◆ TASK DATA ◆
*** Block opens ***

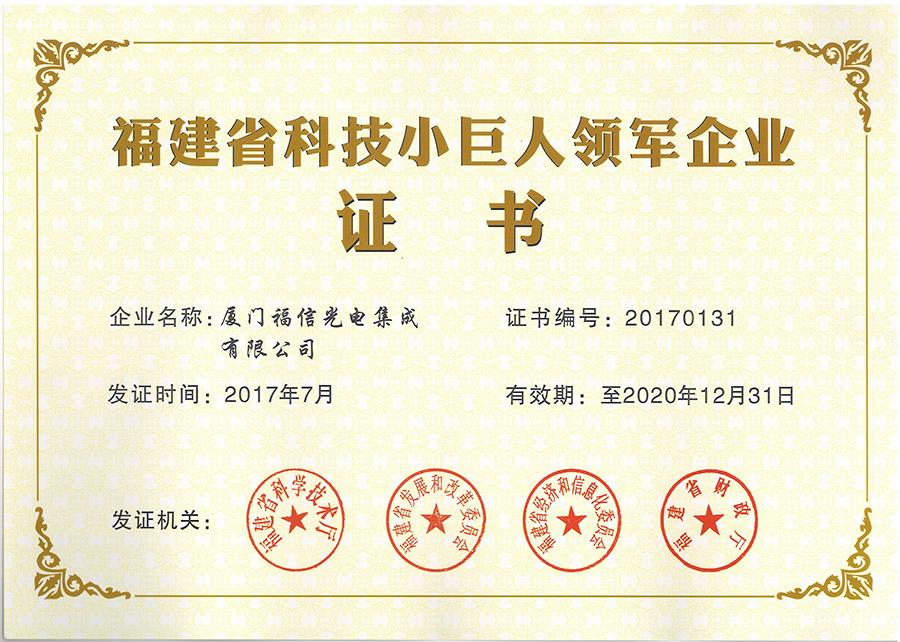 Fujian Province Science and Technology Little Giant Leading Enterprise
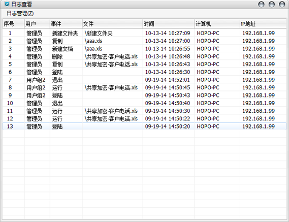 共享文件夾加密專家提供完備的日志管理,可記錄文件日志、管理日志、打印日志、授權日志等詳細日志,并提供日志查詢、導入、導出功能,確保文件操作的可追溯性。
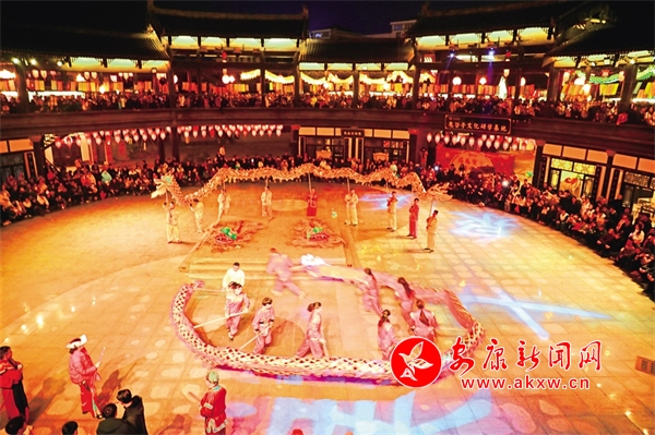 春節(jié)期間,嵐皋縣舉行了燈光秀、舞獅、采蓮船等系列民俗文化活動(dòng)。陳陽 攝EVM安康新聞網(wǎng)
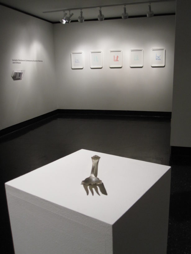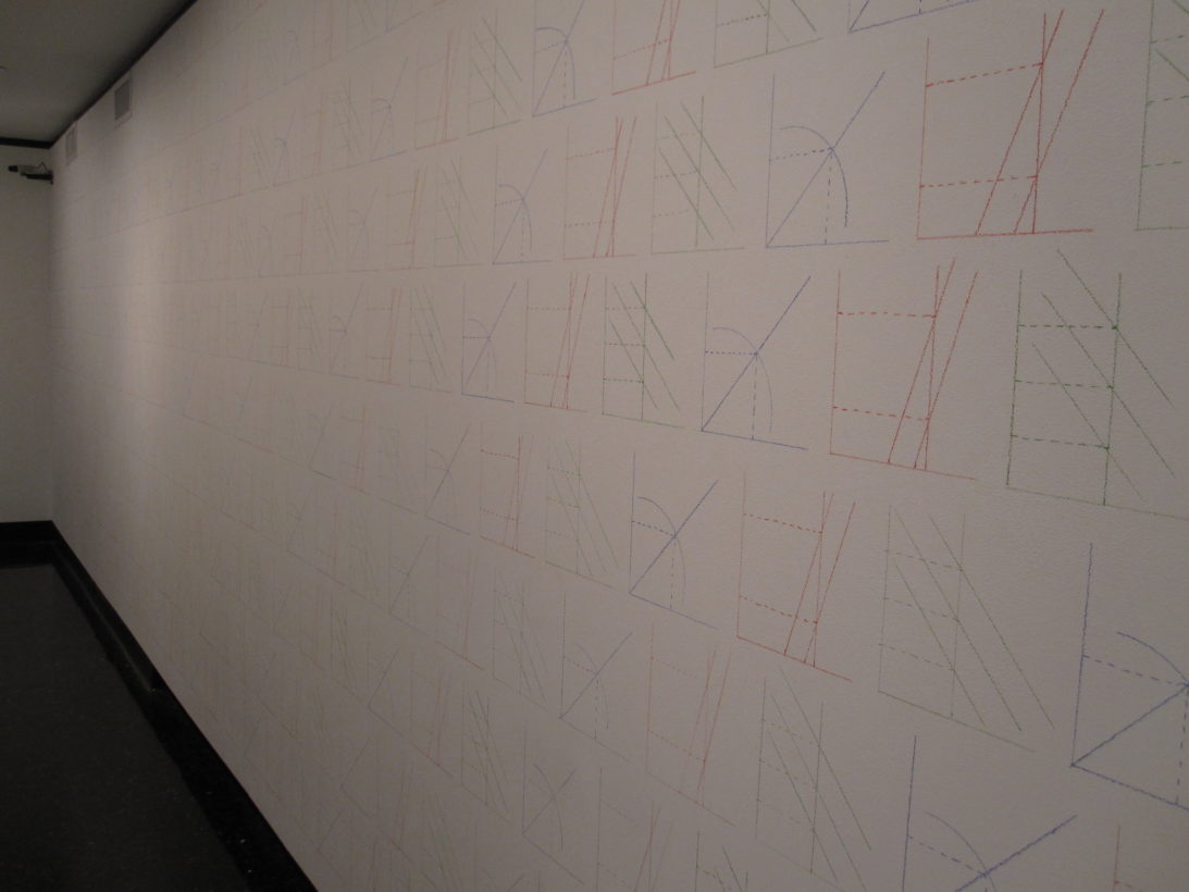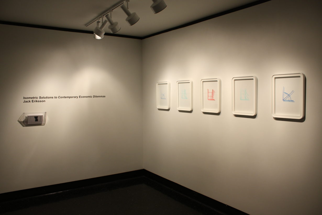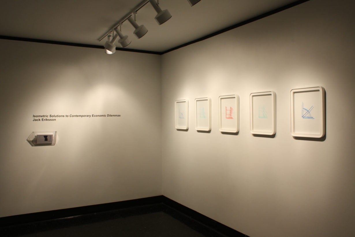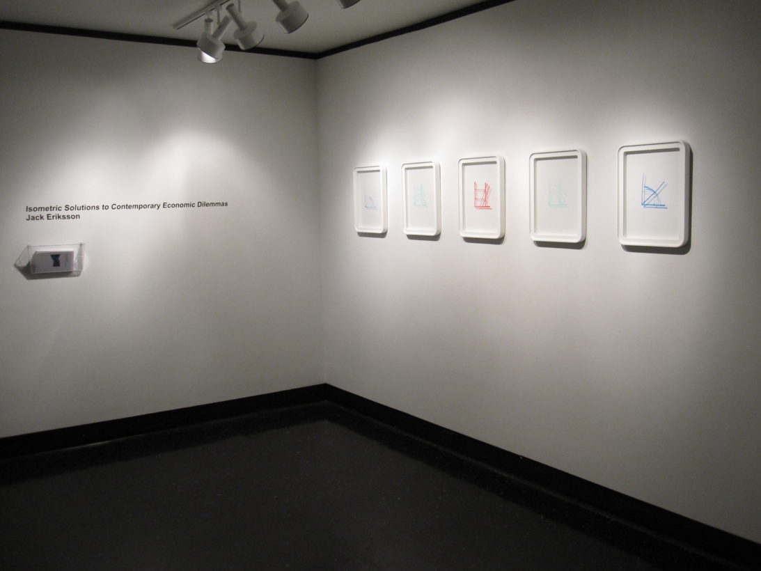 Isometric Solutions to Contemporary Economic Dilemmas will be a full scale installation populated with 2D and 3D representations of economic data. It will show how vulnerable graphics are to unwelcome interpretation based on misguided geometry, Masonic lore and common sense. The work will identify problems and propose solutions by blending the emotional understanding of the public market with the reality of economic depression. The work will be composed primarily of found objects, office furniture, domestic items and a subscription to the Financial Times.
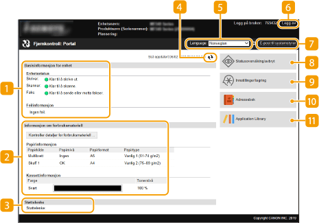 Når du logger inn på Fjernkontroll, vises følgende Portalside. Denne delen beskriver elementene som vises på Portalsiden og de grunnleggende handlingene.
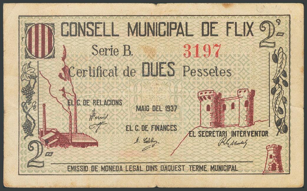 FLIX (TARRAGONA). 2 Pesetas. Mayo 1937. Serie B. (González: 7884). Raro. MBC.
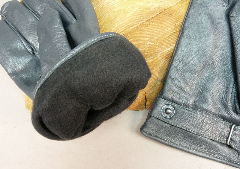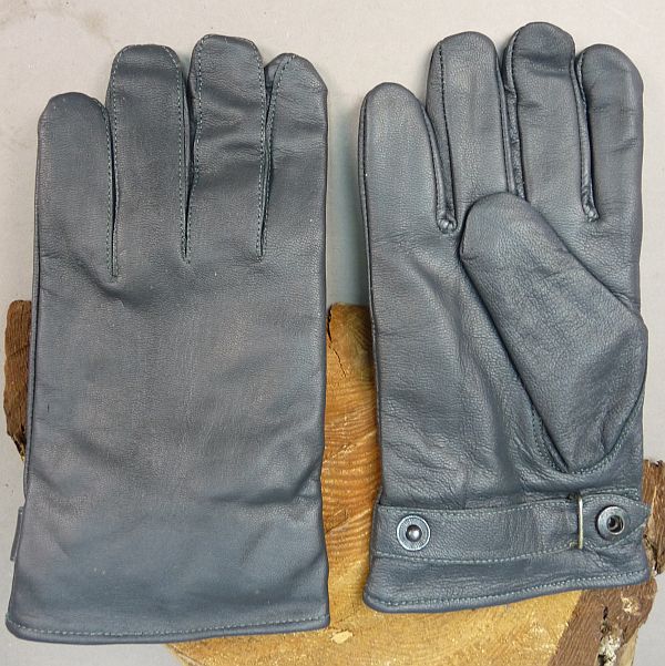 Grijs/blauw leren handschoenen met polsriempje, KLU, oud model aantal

*** Block closes ***
*** Block opens ***

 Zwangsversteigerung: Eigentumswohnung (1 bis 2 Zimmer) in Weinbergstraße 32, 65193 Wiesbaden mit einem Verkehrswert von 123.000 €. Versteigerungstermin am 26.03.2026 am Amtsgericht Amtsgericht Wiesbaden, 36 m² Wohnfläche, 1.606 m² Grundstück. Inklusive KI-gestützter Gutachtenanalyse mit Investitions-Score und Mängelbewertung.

*** Block closes ***

◆ EXERCISE GOAL ◆
Pictures aside, print exactly the lines above starting with the one containing "春節(jié)期間,嵐皋縣舉" and going on through the one containing "Grijs/blauw leren handschoenen".

◆ EXERCISE SOLUTION ◆
 春節(jié)期間,嵐皋縣舉行了燈光秀、舞獅、采蓮船等系列民俗文化活動(dòng)。陳陽 攝EVM安康新聞網(wǎng)
 Isometric Solutions to Contemporary Economic Dilemmas will be a full scale installation populated with 2D and 3D representations of economic data. It will show how vulnerable graphics are to unwelcome interpretation based on misguided geometry, Masonic lore and common sense. The work will identify problems and propose solutions by blending the emotional understanding of the public market with the reality of economic depression. The work will be composed primarily of found objects, office furniture, domestic items and a subscription to the Financial Times.
 Når du logger inn på Fjernkontroll, vises følgende Portalside. Denne delen beskriver elementene som vises på Portalsiden og de grunnleggende handlingene.
 FLIX (TARRAGONA). 2 Pesetas. Mayo 1937. Serie B. (González: 7884). Raro. MBC.
 Grijs/blauw leren handschoenen met polsriempje, KLU, oud model aantal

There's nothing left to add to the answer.